Genre malheureusement disparu, mais très moderne par son format court, son histoire ramassée et sa chute rappelant la nouvelle en littérature, le film à sketch, très prisé dans les années 60, en Italie principalement, demeure selon nous plus noble que les séries (par ailleurs parfois très bonnes), obtenant l’adhésion du spectateur en créant chez lui une addiction avouée. Ainsi dans Les complexés, chaque sketch, tourné par un réalisateur différent, est indépendant des autres ; néanmoins, une unité de thème et de ton en assure la cohérence. En l’occurrence, à rebours de Le bambole où quatre personnages féminins souffraient plus ou moins de névrose, nous avons ici trois hommes hautement complexés : le grand timide, l’ultra-perfectionniste et l’hypocrite.

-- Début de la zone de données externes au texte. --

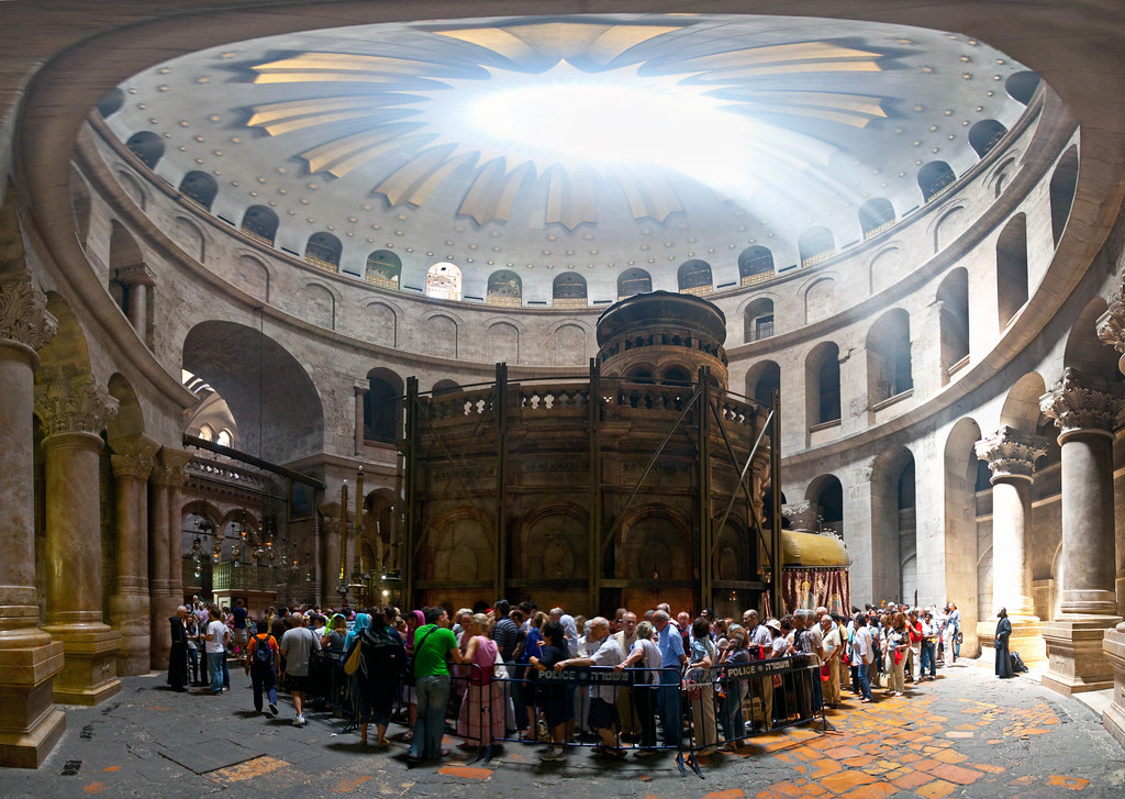 Επιστροφή στην Πόλη, πέρασμα από το ανώγειο του Μυστικού Δείπνου, το νεκροταφείο της Αγιοταφικής Κοινότητας, την Πατριαρχική Σχολή με τους επτά της μαθητές, την Πύλη της Σιών, την Προβατική Κολυμπήθρα και έφθασε η ώρα για ένα μεσημεριανό διάλλειμα. Το απόγευμα κατεβαίνομε από τον δρόμο του Πατριαρχείου, για τη λειτουργία των Βαϊοφόρων, στον Ιερό Ναό της Αναστάσεως. Το αρχικό κτίσμα του 4ου αιώνα, του Κωνσταντίνου και της Αγίας Ελένης, υπέστη πάμπολλες καταστροφές από σεισμους, πυρκαϊές και βεβηλώσεις, ώστε επανοικοδομήθηκε κατά τον 12ο αιώνα από τον αυτοκράτορα Κωνσταντίνο Μονομάχο, και έλαβε κατά τον 19ο αιώνα την τελική μορφή του. Η αρχιτεκτονική του ναού περιλαμβάνει τους ρυθμούς των εποχών κατασκευής των διαφόρων κτισμάτων, εκκλησιών, παρεκκλησίων, υπογείων, διαδρόμων και άλλων. Τα κύρια μέρη του, η Ροτόντα, με τον Πανάγιο Τάφο, αποτελούμενο από τον προθάλαμο, τον Ιερό Λίθο και τον Τάφο, στο κέντρο, ο Γολγοθάς, το σημείο Αποκαθήλωσης και ευρέσεως του Τιμίου Σταυρού από την Αγία Ελένη, η εκκλησία της Αναστάσεως και τα διάφορα παρεκκλήσια, του Ακάνθινου Στεφάνου, του Σταυρού, του Αδάμ, του Αγγέλου, του Κεντηρίωνος Λογγίνου, του «Διεμερίσαντο» και οι ιδιαίτεροι χώροι, των ορθοδόξων, των φραγκισκανών και των αρμενίων, διαχειριστών του Προσκυνηματικού Καθεστώτος, όπως ορίζει το σουλτανικό φιρμάνι του 1853. Αισθήματα απερίγραπτα, συγκίνηση και δέος κατέχουν τους προσκυνητές, τους καθηλώνει η ιερότητα του χώρου και η απτή πραγματικότητα της θείας ιστορίας τους υπερβαίνει. Πάνω από το κρανίο του Αδάμ, ο κρανίου τόπος, ο Γολγοθάς, η κάθαρση του γένους των ανθρώπων από τον Δεύτερο Αδάμ Θεάνθρωπο, ο φωτισμός από τον Τάφο, η κάθοδος, η κένωση, η ζωή εν τάφω και πάλι η άνοδος, η αναγέννηση, η τελείωση της Ανάστασης, η θέωση, συγκροτούν την πιο συνταρακτική διαλεκτική της ιστορίας και του κόσμου.
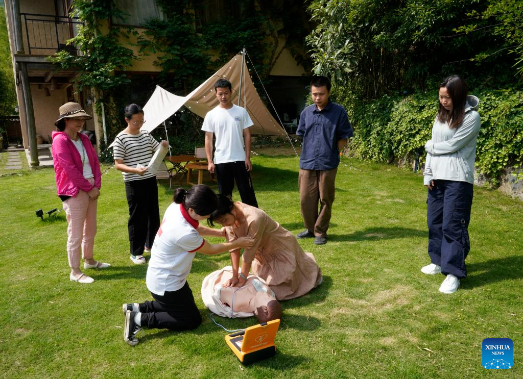 Operators of homestay take part in a CPR training in Xiantan Village, Moganshan Town, Deqing County, east China's Zhejiang Province, June 15, 2023. Deqing County on Thursday offered a training program to the owners and operators of local homestays to further improve services. The county has witnessed an ongoing growth of premium homestays, most notably in Moganshan Town. In 2022, homestay operator was added to China's list of new occupations by the Ministry of Human Resources and Social Security. (Xinhua/Han Chuanhao)
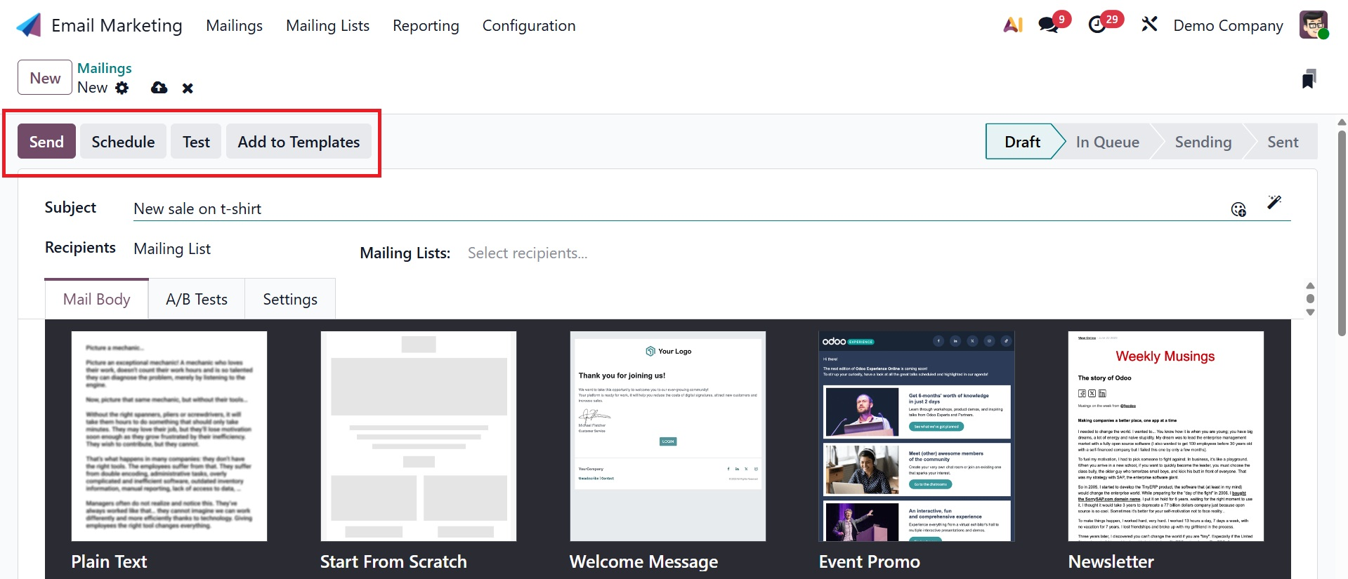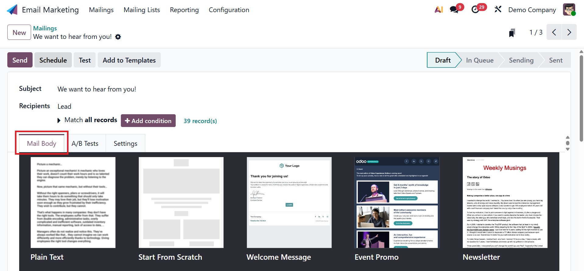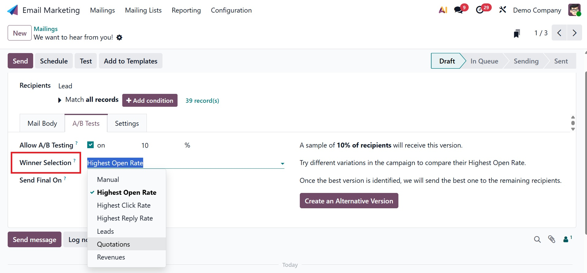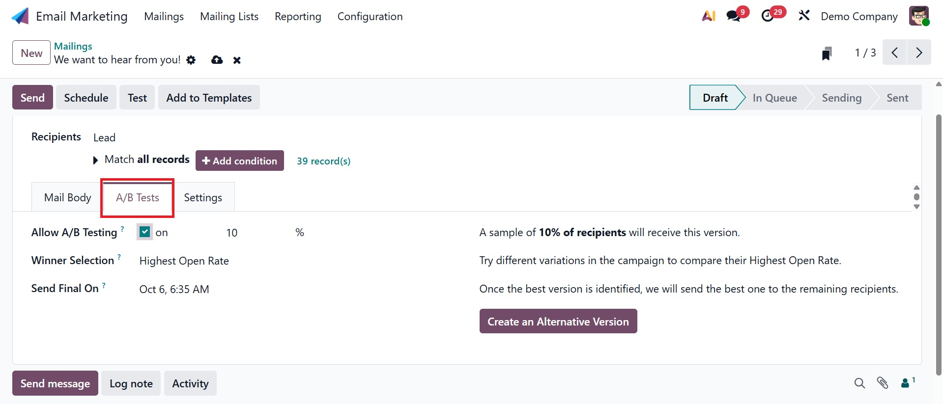 Then you have the  Send Final On field, where users can choose the date that instructs Odoo when to choose which email is the "winning" one and distribute that version of the message to the other recipients. To the right of those fields is a "Create an Alternative Version" button. Clicking it allows the user to write a fresh email draft for testing in Odoo's Mail Body tab.

Le premier personnage, Raganelli, joué par un excellent Nino Manfredi, pâtit donc d’une timidité maladive dont il fera preuve au cours d’une sortie avec ses collègues organisée par l’entreprise, où il essaiera de se rapprocher de celle à qui il voue un amour secret. Cependant, l’homme timoré alignera les gaffes sous le regard compatissant de la splendide Gabriella qui daigne d’abord l’accepter comme il est avant de lui faire comprendre qu’il n’est pas un homme. Dino Risi, cinéaste majeur, signe encore un petit bijou de mise en scène, avec d’excellents dialogues, une finesse d’écriture trop rare de nos jours, une remarquable capacité à embrasser la complexité de la psychologie des personnages, un humour humain et jamais trop moqueur et des situations très inspirées, se servant par ailleurs comme souvent d’une paire de personnages pour proposer une immersion dans le monde actuel.

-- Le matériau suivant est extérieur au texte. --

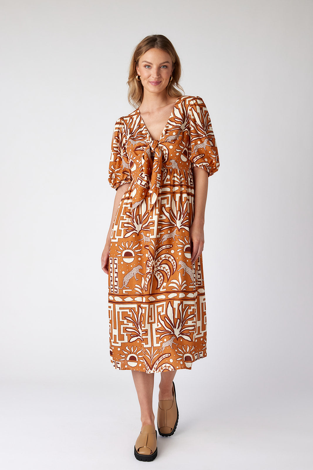 A classic A-line midi with a little twist (literally) across the chest. We can’t get enough of this sassy silhouette! Includes invisible side zipper on the left side. Pro-tip! Tie the front knot around the center of your bra to make the dress bra-friendly and feel extra secure.
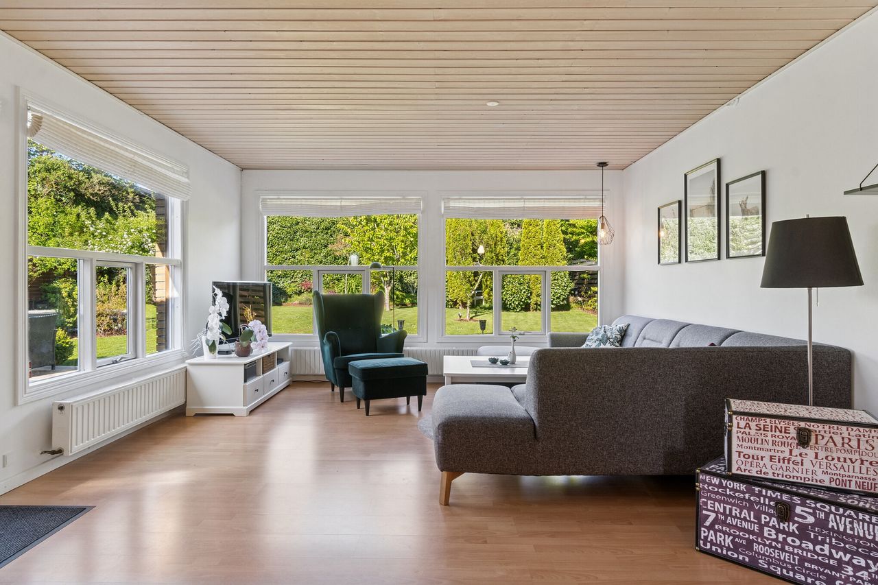 Det velholdte hus er helt i tråd med den flotte forhave, som består af stenbede i niveauer, og I får ligeledes en dobbelt carport med i købet. I træder indenfor i en centralt placeret entré, hvorfra I kan tilgå alle rum i stueetagen. Til den ene side ligger et stort, lyst køkken-alrum, der udgør familiens samlingssted, hvor I kan lave mad side om side med kreative sysler og andre aktiviteter. Samtidig er køkkenet let afgrænset fra stuesektionen, og der er masser af plads til at skabe hyggelige opholdssteder.
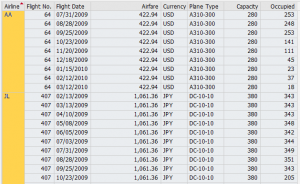 Output with SORTing applied on Airline field:
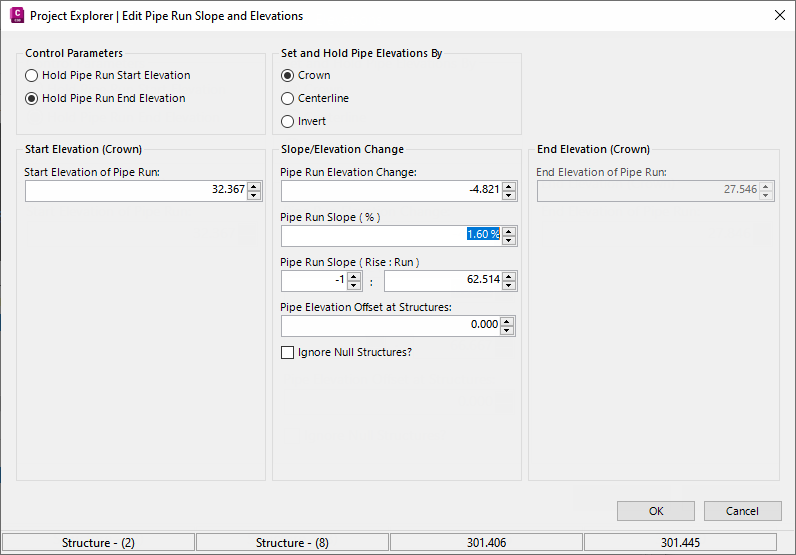 - The Edit Pipe Run Slope and Elevations dialog opens.

L’ultra-perfectionniste du second sketch réalisé par Rossi, le très bon Ugo Tognazzi, devient trop risible et redondant dans son action, si bien que ce sketch perd en grâce, en finesse et en verve humoristique en comparaison avec le précédent.

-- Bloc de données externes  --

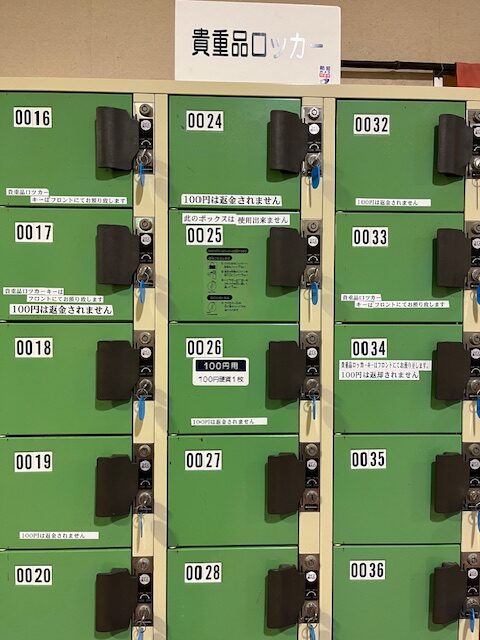 なお休憩スペースにも貴重品ロッカー(100円ノーリターン式)があります。
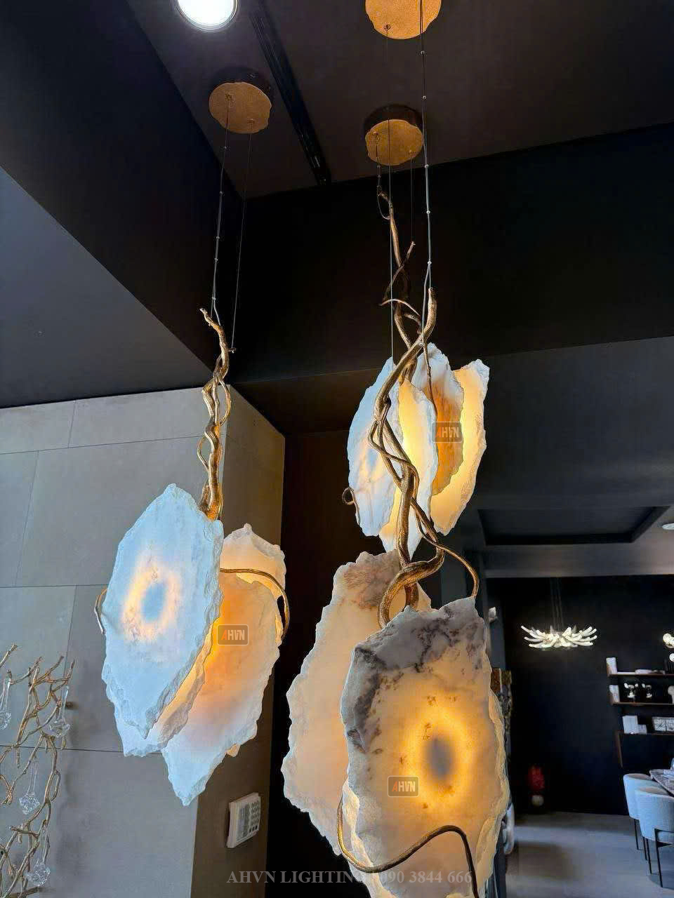 Chiếc đèn thả AHVN này được chế tác thủ công từ đồng thau nguyên chất và đá tự nhiên nhập khẩu Nam Phi, là sự hòa quyện tinh tế giữa vật liệu thật và nghệ thuật ánh sáng – nơi thiên nhiên được đưa vào không gian sống với hình hài sang trọng và đầy cảm xúc.
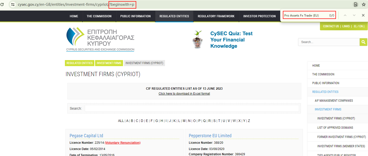 3) Pro Assets Fx Trade (EU) Ltd, purportedly regulated by the Cyprus Securities and Exchange Commission (CySEC) with license number 443/16;
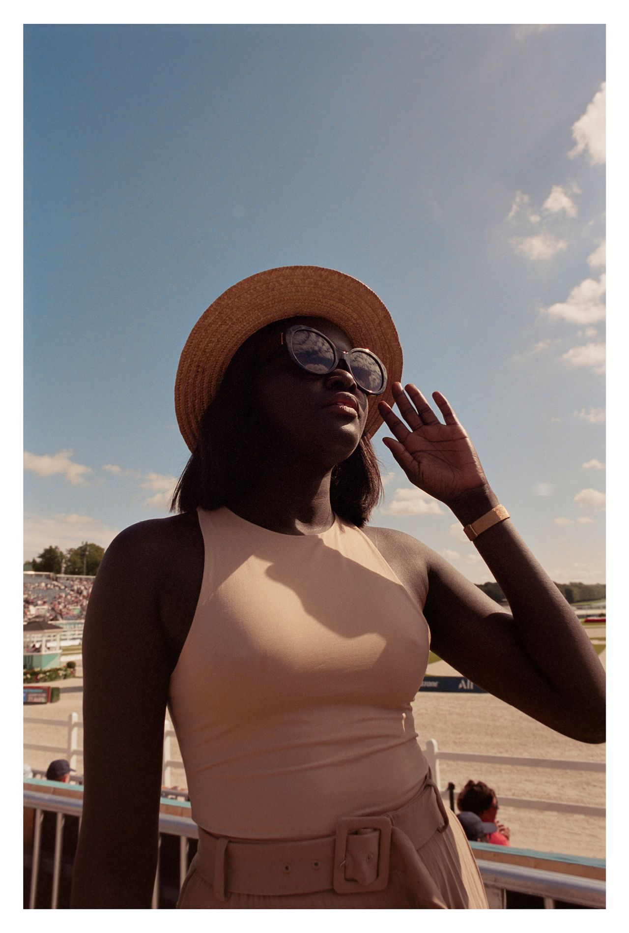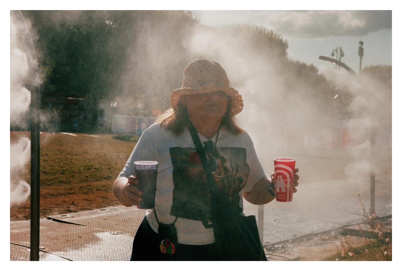 Et quand l’agitation retombe, restent aussi ces détails muets que l’objectif du photographe saisit : un reste de taboulé oublié au fond d’une assiette, un couteau planté dans un morceau de fromage, des gobelets vides alignés comme les témoins d’une fête passée. Autant de petites natures mortes, traces fragiles et intimes de ce partage collectif. Chaque cliché témoigne d’un fragment de vie et l’ensemble compose un tableau bigarré où se mêlent tradition, convivialité et codes sociaux plus ou moins assumés. Un microcosme qui raconte une manière d’être ensemble, entre tradition aristocratique et convivialité populaire, entre spectacle sportif et art de vivre à l’anglaise. Une Angleterre à la fois raffinée et décontractée, snob et populaire, où chacun trouve sa place, côte à côte, le temps d’un pique-nique d’été.

Enfin l’hypocrite du dernier sketch, ou plutôt les hypocrites, représentant une faiblesse typiquement italienne (parfois une force, une forme de politesse atténuant certains comportements pouvant être perçus comme trop rudes), celle de ne pas vouloir dire les choses telles qu’elles sont, d’éviter la franchise, afin de préserver l’autre d’une réaction désobligée, subiront par effet contraire un complexe d’infériorité que devrait causer, dans un monde où l’apparence est reine, un trop visible défaut physique. Avec un scénario co-écrit par lui-même lui permettant de mieux se desservir, Alberto Sordi est tout simplement génial en dentone (grosses dents/dents longues/dentition chevaline). Sa prestation époustouflante porte le sketch, ses répliques soulèvent un rire franc et sa course contre l’adversité est jubilatoire. Un magnifique condensé de comédie italienne.
Un film encore totalement d'actualité.